US 12,033,412 B2
	Systems and methods for extracting information from a physical document
Rakesh Iyer, Santa Clara, CA (US); and Lisha Ruan, New York, NY (US)
Assigned to GOOGLE LLC, Mountain View, CA (US)
Appl. No. 17/291,647
Filed by Google LLC, Mountain View, CA (US)
PCT Filed Jan. 28, 2019, PCT No. PCT/US2019/015335 § 371(c)(1), (2) Date May 6, 2021, PCT Pub. No. WO2020/096635, PCT Pub. Date May 14, 2020.
Claims priority of provisional application 62/756,262, filed on Nov. 6, 2018.
Prior Publication US 2021/0406451 A1, Dec. 30, 2021
Int. Cl. G06V 30/40 (2022.01); G06F 40/169 (2020.01); G06V 30/10 (2022.01)

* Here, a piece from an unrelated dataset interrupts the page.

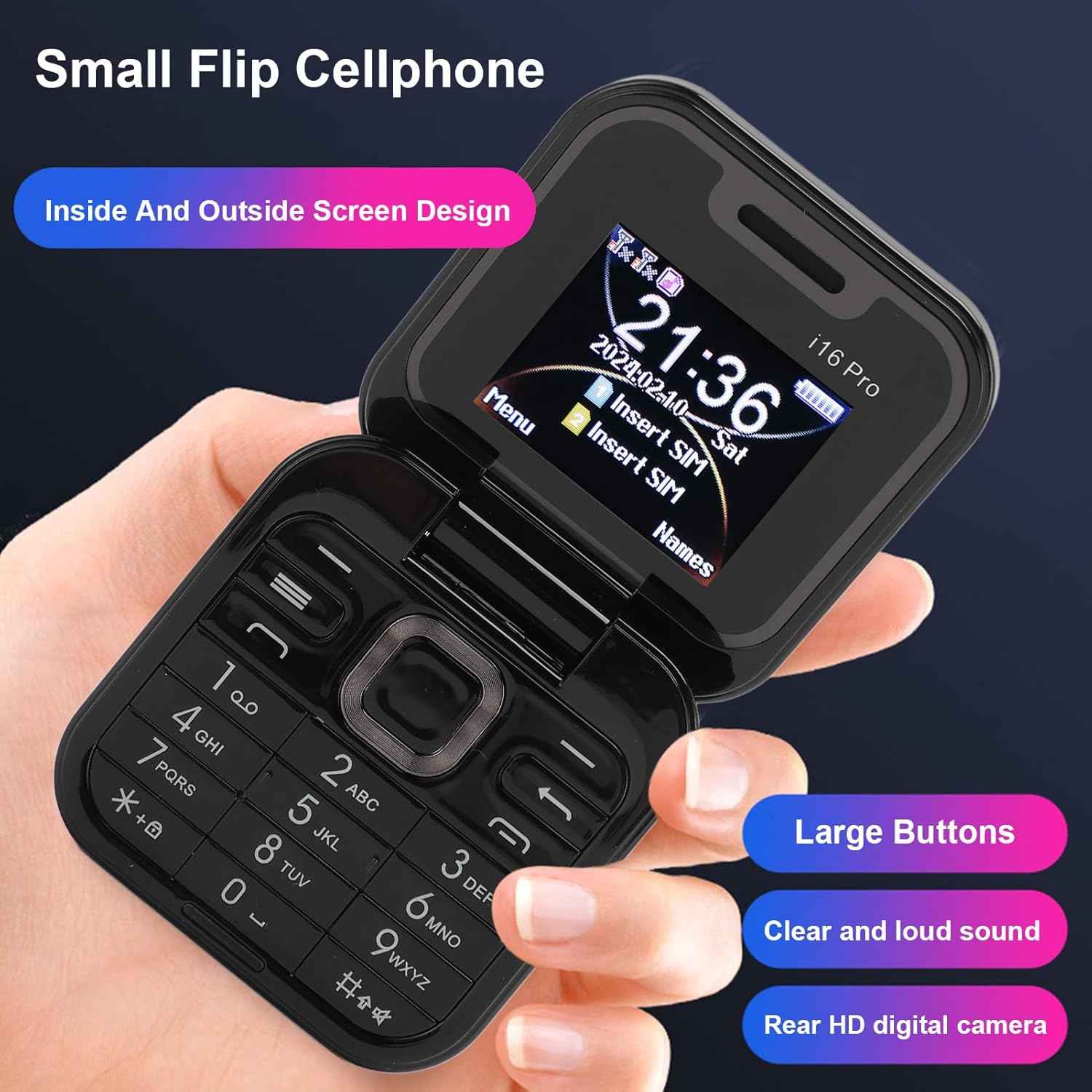 ⭐MINI DIZAJN: Preklopni mobilni telefon ima mini ohišje, ki tehta 80 g/0,63 oz, kompaktno in izvrstno. Podpira tudi kartico SIM, zato vam za uporabo ni treba povezovati drugih telefonov.

CPC G06V 30/40 (2022.01) [G06F 40/169 (2020.01); G06V 30/10 (2022.01)]

19 Claims

1. A computer-implemented method for extracting information from documents, the method comprising:

obtaining, at a computing system comprising one or more processors, data representing one or more units of text extracted from an image of a document;

determining, by the computing system, one or more annotated values from the one or more units of text;

determining, by the computing system, a label for each annotated value of the one or more annotated values, wherein the label for each annotated value comprises a key that explains the annotated value, and wherein determining, by the computing system, the label for each annotated value comprises performing, by the computing system for each annotated value, a search for the label among the one or more units of text based at least in part on a location of the annotated value within the document;

wherein determining, by the computing system, the label for each annotated value comprises:

determining, by the computing system based on the search, a set of one or more candidate labels for each annotated value, wherein preference is given to candidate labels that satisfy relative location characteristics, wherein the relative location characteristics comprise:

inclusion in left-side region or a top-side region relative to the location associated with the annotated value in a coordinate space of the document when a language associated with the document is a Left-to-Right (LTR) language, or

inclusion in a right-side region or the top-side region relative to the location associated with the annotated value in the coordinate space of the document when the language associated with the document is a Right-to-Left (RTL) language; and

determining, by the computing system, a canonical label for each annotated value based at least in part on the set of one or more candidate labels associated with the annotated value; and

mapping, by the computing system, at least one annotated value from the one or more annotated values to an action that is presented to a user based at least in part on the label associated with the at least one annotated value.